* _Assigned task_
Copy the records below word for word, from the first line through the line that contains "Polsterliege 90x200 mit", and leave out any pictures.
[Data excerpts Boundary: Start]
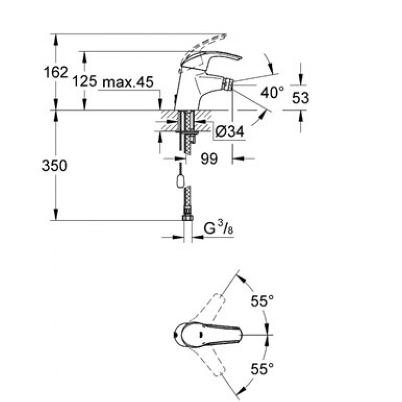 GROHE Eurosmart páková bidetová batéria, DN 15, chróm 32927001- Jednootvorová montáž
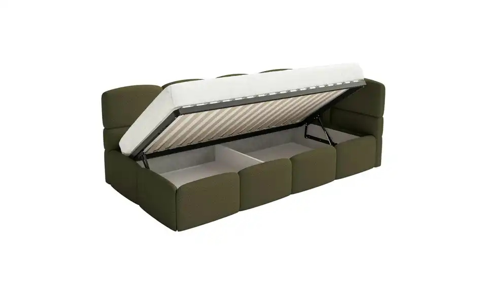 Polsterliege 90x200 mit Bettkasten Matratze und Rausfallschutz
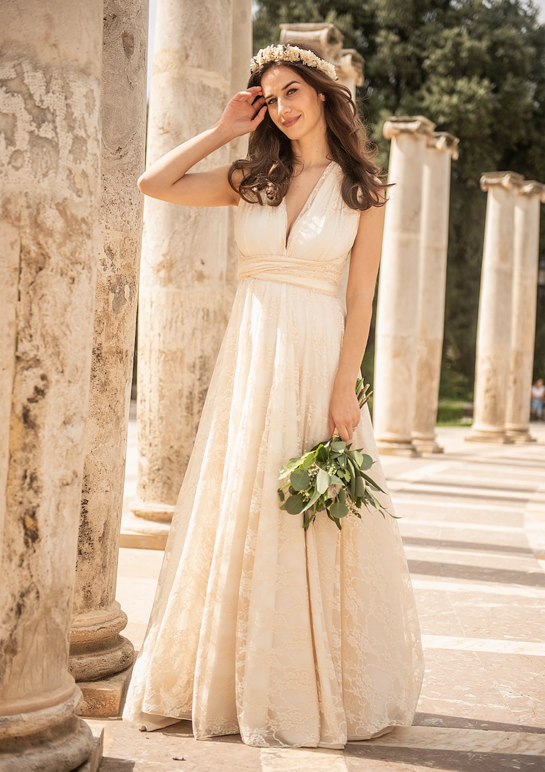 Cette robe de mariée élégante se distingue par un corsage au décolleté V réalisé en dentelle et d’une jupe en mousseline délicate. Viviana est une robe au look naturel et vibrant.
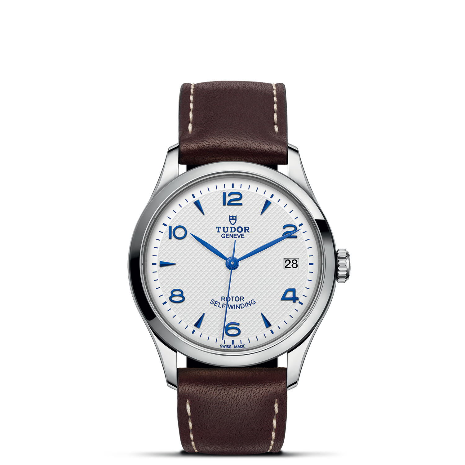 36mm steel case, Opaline and blue dial
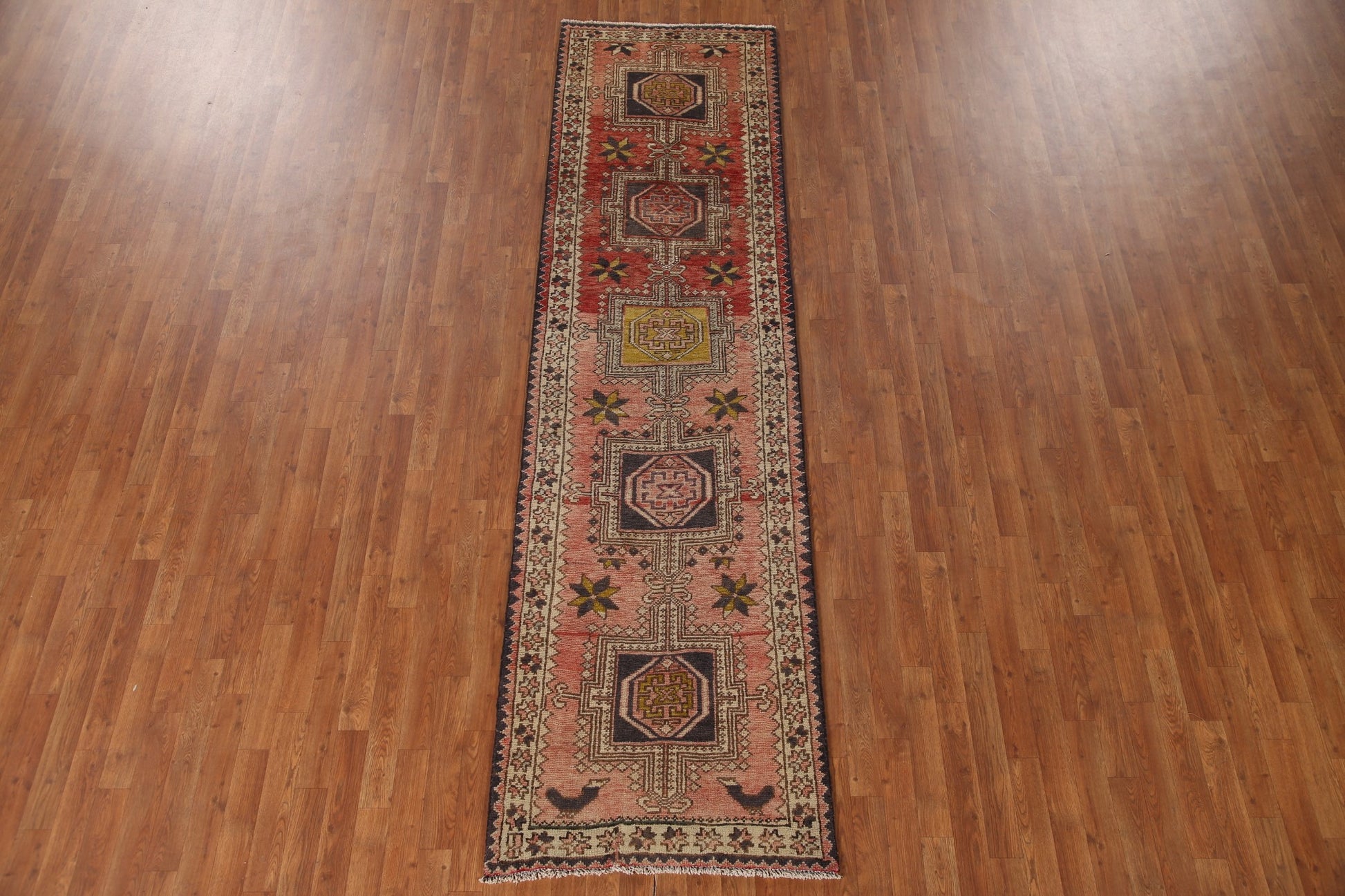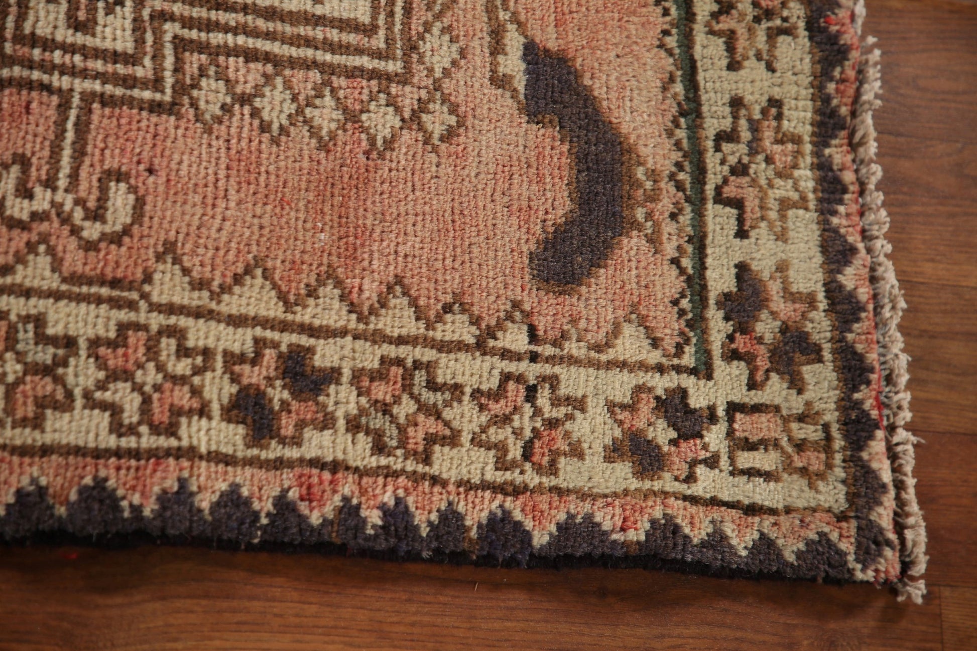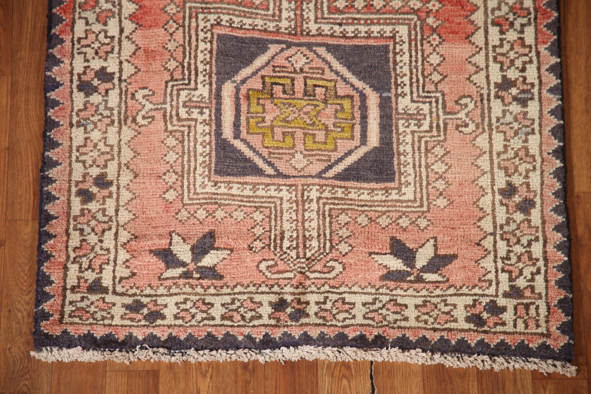 A Beautiful Genuine Persia ( Persia ) Gharajeh rug is Hand Knotted by skillful weavers in Persia ( Persia ) with 100% Wool Material. This rug is in Very Good (Abrash) condition. dimensions are 10' 6'' X 2' 10'' in foot and 320 X 86 in centimeter. the primary color is Pink.
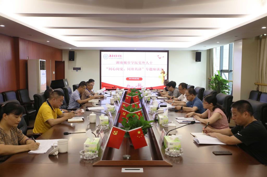本网讯(通讯员 谌金中)在全国上下热烈庆祝中国共产党成立100周年之际,为号召我校党外人士“学史明理、学史增信、学史崇德、学史力行”,以磅礴力量积极融入全面建设湖南城市大学的新征程,2021年6月28日下午,学校召开了党外人士“同心向党、同舟共济”专题座谈会。校党委书记李建奇、学校各民主党派和无党派人士代表参加了座谈会,会议由党委委员、副校长何振主持。
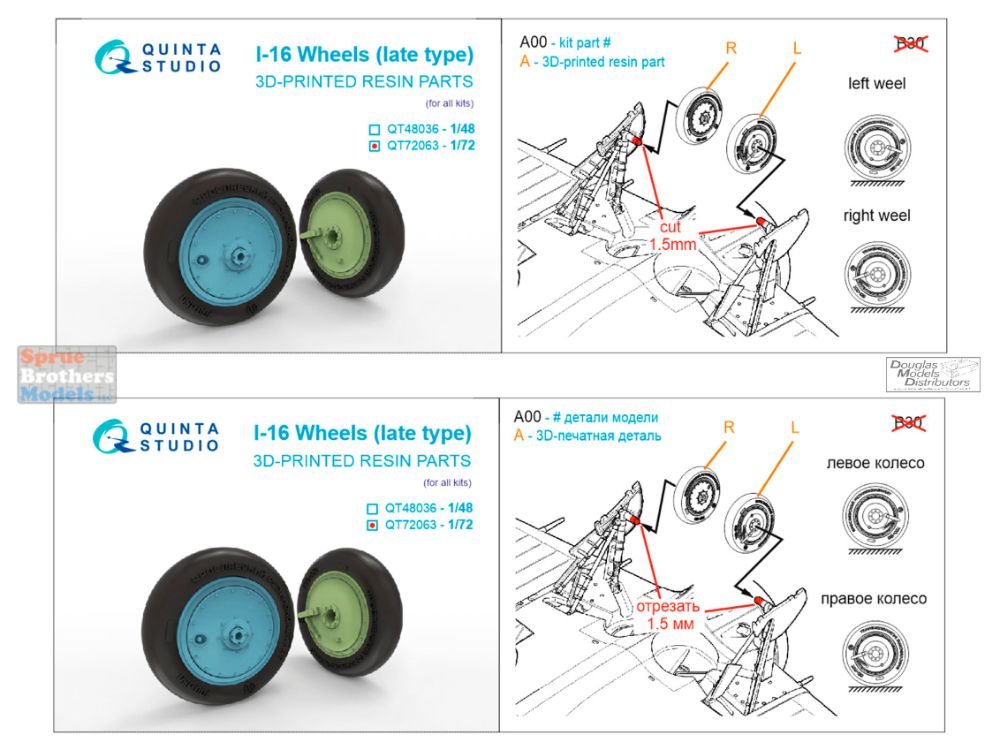 QTSQT72063 1:72 Quinta Studio I-16 Wheels Late Type
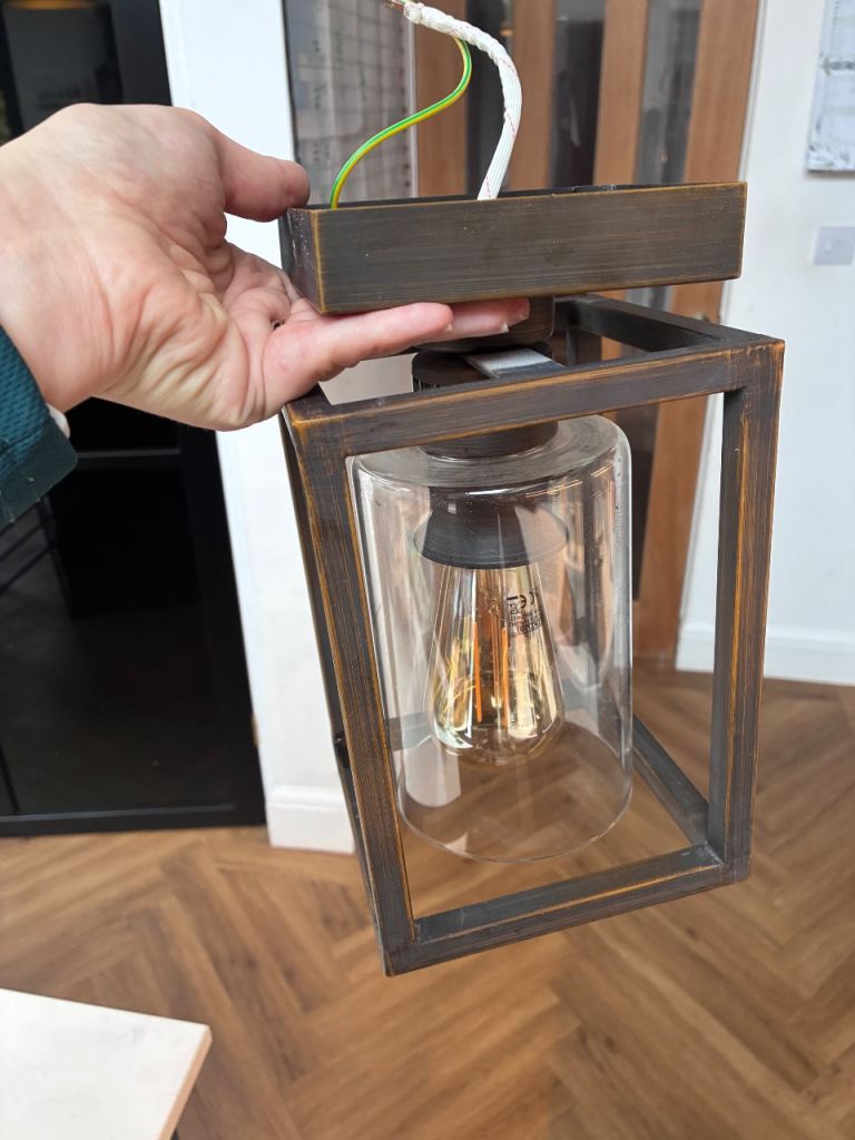Lovely industrial style ceiling light fitting in a rustic dark metal finish. Comes with an Edison-style filament bulb and clear glass cylinder shade, giving a warm glow. Includes all necessary mounting hardware and electrical connectors, ready for in
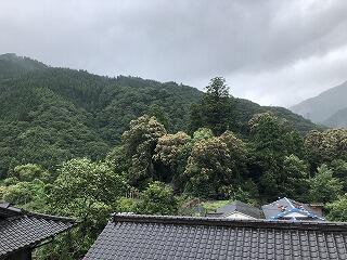 8時くらいまでは山が陽をさえぎってくれるので、とても涼しい大河内小学校の朝。
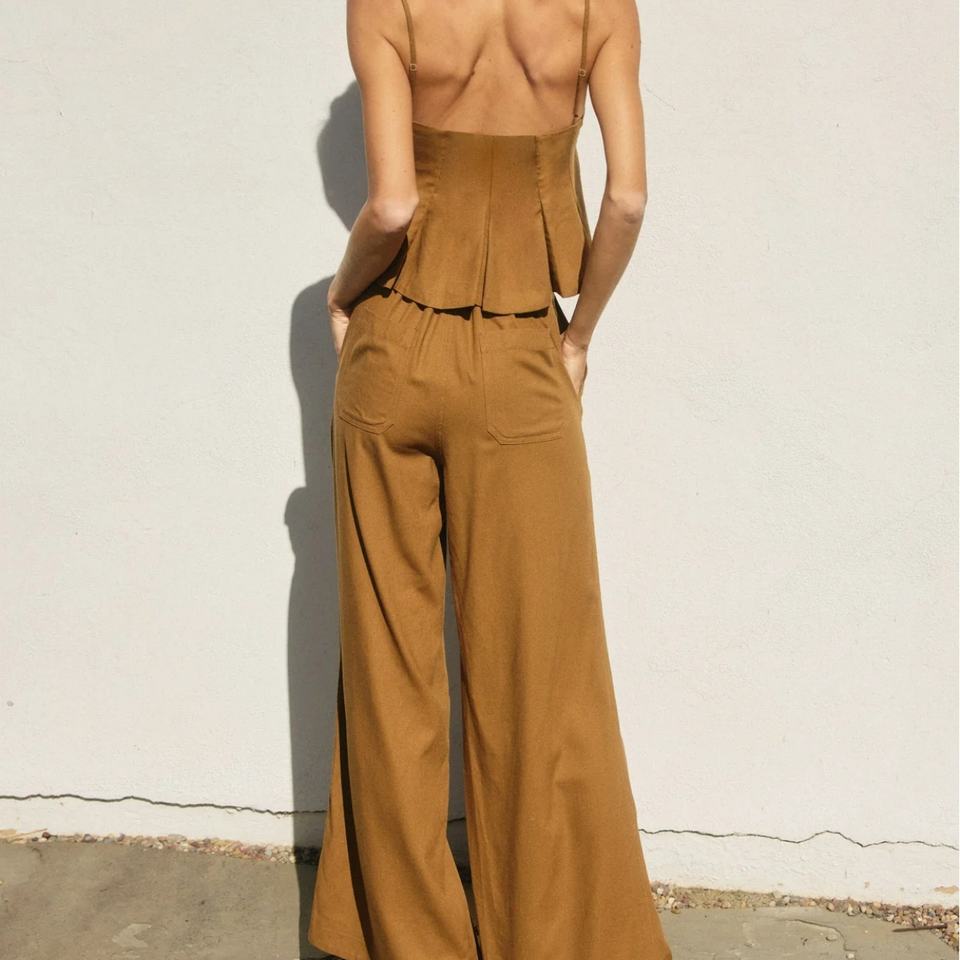 Nuevo Conjunto de Pantalones Anchos de Lino con Bolsillos con Cordón de Alta Calidad, Diseño Personalizado, Traje de 2 Piezas para Mujer
[Data excerpts Boundary: End]
* _Exercise solution_
 GROHE Eurosmart páková bidetová batéria, DN 15, chróm 32927001- Jednootvorová montáž
 Polsterliege 90x200 mit Bettkasten Matratze und Rausfallschutz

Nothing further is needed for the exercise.